● **Records to process**:
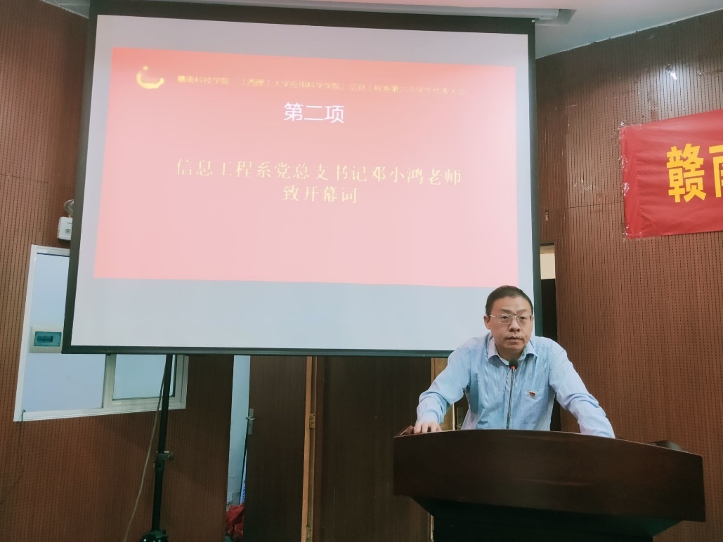 本网讯:10月23日上午,信息工程系在二教学术报告厅召开了第六次学生代表大会。信息工程系党总支书记邓小鸿、副主任魏炳辉、团总支书记陈世琪参加了本次大会。
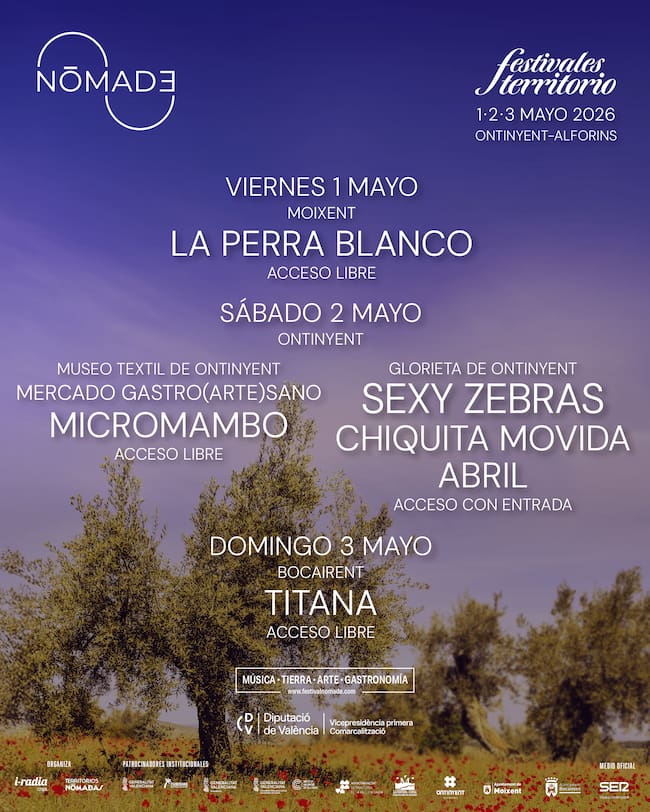El festival Nómade ha cerrado la programación de su nueva edición con una ambiciosa propuesta de experiencias que va mucho más allá de la música. Del 1 al 3 de mayo, localidades como Ontinyent, Moixent, Fontanars dels Alforins y Bocairent se convertirán en escenarios de un viaje sensorial donde el paisaje, el patrimonio, la cultura del vino y la gastronomía serán protagonistas.
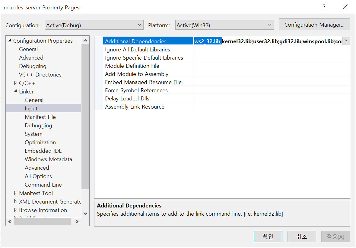 아래 그림의 Property Pages는 Project-Properties 메뉴(단축키 : Alt+F7)를 통해 열 수 있습니다. ws2_32.lib를 Linker-Input-Additional Dependencies에 아래 그림과 같이 추가해 주세요.
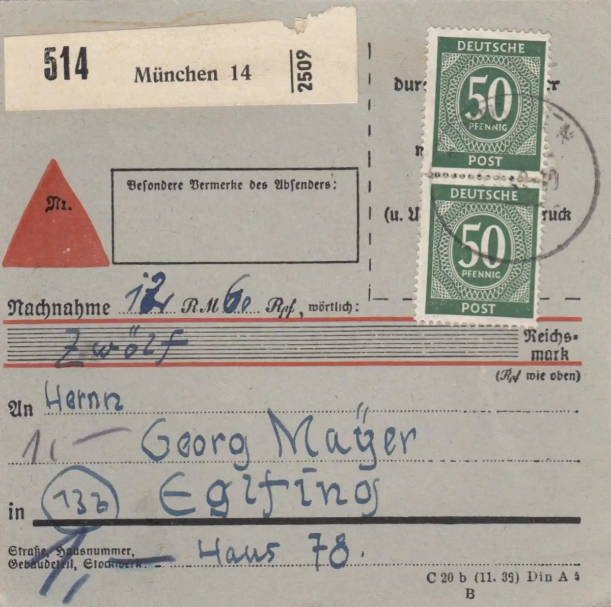 Carte de paquet 1948: Munich après Eglfing, Acceptation, Formulaire spécial
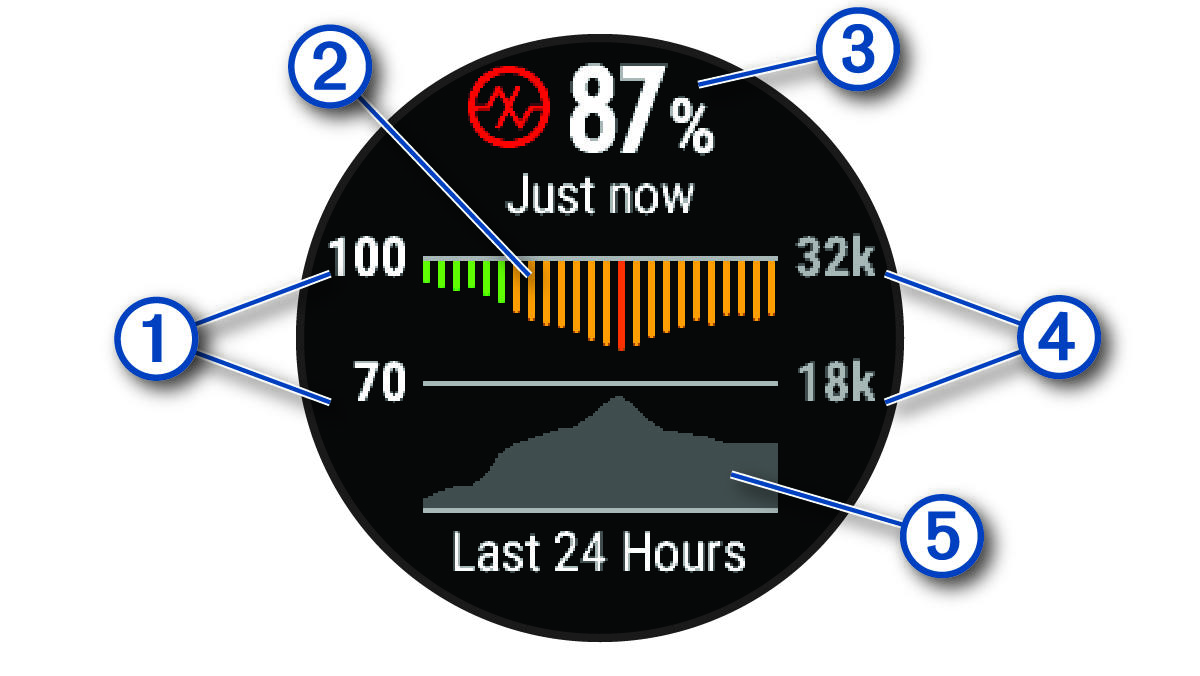 在手表中,您的血氧度数在图表上显示为血氧饱和度百分比。在Garmin Connect账户中,您可以查看有关脉搏血氧饱和度的其他信息,包括过去特定期间的趋势。

● **Work instructions**: Taking each record in turn, retype it exactly and drop any picture.

● **Answer area**:
 本网讯:10月23日上午,信息工程系在二教学术报告厅召开了第六次学生代表大会。信息工程系党总支书记邓小鸿、副主任魏炳辉、团总支书记陈世琪参加了本次大会。
El festival Nómade ha cerrado la programación de su nueva edición con una ambiciosa propuesta de experiencias que va mucho más allá de la música. Del 1 al 3 de mayo, localidades como Ontinyent, Moixent, Fontanars dels Alforins y Bocairent se convertirán en escenarios de un viaje sensorial donde el paisaje, el patrimonio, la cultura del vino y la gastronomía serán protagonistas.
 아래 그림의 Property Pages는 Project-Properties 메뉴(단축키 : Alt+F7)를 통해 열 수 있습니다. ws2_32.lib를 Linker-Input-Additional Dependencies에 아래 그림과 같이 추가해 주세요.
 Carte de paquet 1948: Munich après Eglfing, Acceptation, Formulaire spécial
 在手表中,您的血氧度数在图表上显示为血氧饱和度百分比。在Garmin Connect账户中,您可以查看有关脉搏血氧饱和度的其他信息,包括过去特定期间的趋势。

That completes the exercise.